7. Though before the Railway Claims Tribunal the appellant had not produced any railway ticket alleged to have been recovered from the person of the deceased on Jama Talashi, however, along with this appeal, the appellant has filed a copy of the railway ticket stated to have been recovered on Jama Talashi of the deceased. A perusal of the railway ticket produced by the appellant along with the appeal shows that the ticket was for 18th February, 1997, that is, of the date when the deceased died of the accident; it was from New Delhi to Ballabhgarh and was in possession of the deceased. Even assuming that the ticket, copy of which has not been placed on record by the appellant, was recovered from the deceased, the same clearly shows that the deceased was a bonafide passenger in the train traveling from Delhi to Ballabhgarh and he died in an untoward incident at Faridabad which is a station en route. Moreover, the appellant having admitted in its reply before the tribunal that the deceased was a bonafide passenger, cannot now turn around and allege to the contrary. I am, therefore, unable to hold that the deceased was not a bonafide passenger in the train.

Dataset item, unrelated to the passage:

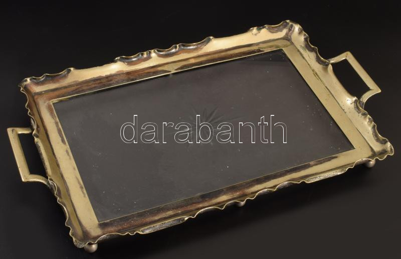 Beschreibung: Századeleji alpakka kínálótálca, csiszolt üveg betéttel, monogrammal, 43x25 cm

8. Under Section 123 of the Railways Act an “untoward incident” has been defined to include the “accidental falling” of any passenger from a train carrying passengers. Under Section 124A of the Act when in the course of working a railway an untoward incident occurs, then whether or not there has been any wrongful act, neglect or default on the part of the railway administration such as would entitle a passenger who has been injured or the dependant of a passenger who has been killed to recover damages in respect thereof, the railway administration shall be liable to pay compensation to such extent as may be prescribed and to that extent only for loss occasioned by the death of, or injury to, a passenger as a result of such “untoward incident”. It is thus clear that if a passenger dies because of an “untoward incident” while traveling in the train, his dependants are entitled to claim compensation from the railways and in the application claiming compensation they are not required to prove that “untoward incident” had happened because of wrongful act, neglect or default on the part of the railway administration. In the present case, it is amply proved by the evidence of the witnesses that the deceased had fallen down from the train and as a result of such falling from the train, he suffered injuries, which proved to be fatal. An “untoward incident”, as already mentioned above, includes the “accidental falling” of any passenger from a train. It is thus clear that the deceased had died because of the injuries suffered due to his accidentally falling while traveling from New Delhi to Faridabad. The only ground on which the railway could avoid its liability was that the deceased had suffered injuries because of his own criminal act. It was for the railways to prove that the deceased had suffered injuries because of his own criminal act. Neither it is so pleaded in its reply by the appellant nor any witness has been produced by the appellant before the tribunal to prove that the deceased was either traveling on the foot board or had committed any criminal act which might have resulted in the injuries because of which he died. No evidence having been produced to prove such a criminal act, in my opinion, the railway administration could not escape its liability to pay compensation in terms of section 124A of the Act.

9. For the foregoing reasons, I do not find any merits in this appeal and the same is, accordingly, dismissed with no order as to costs.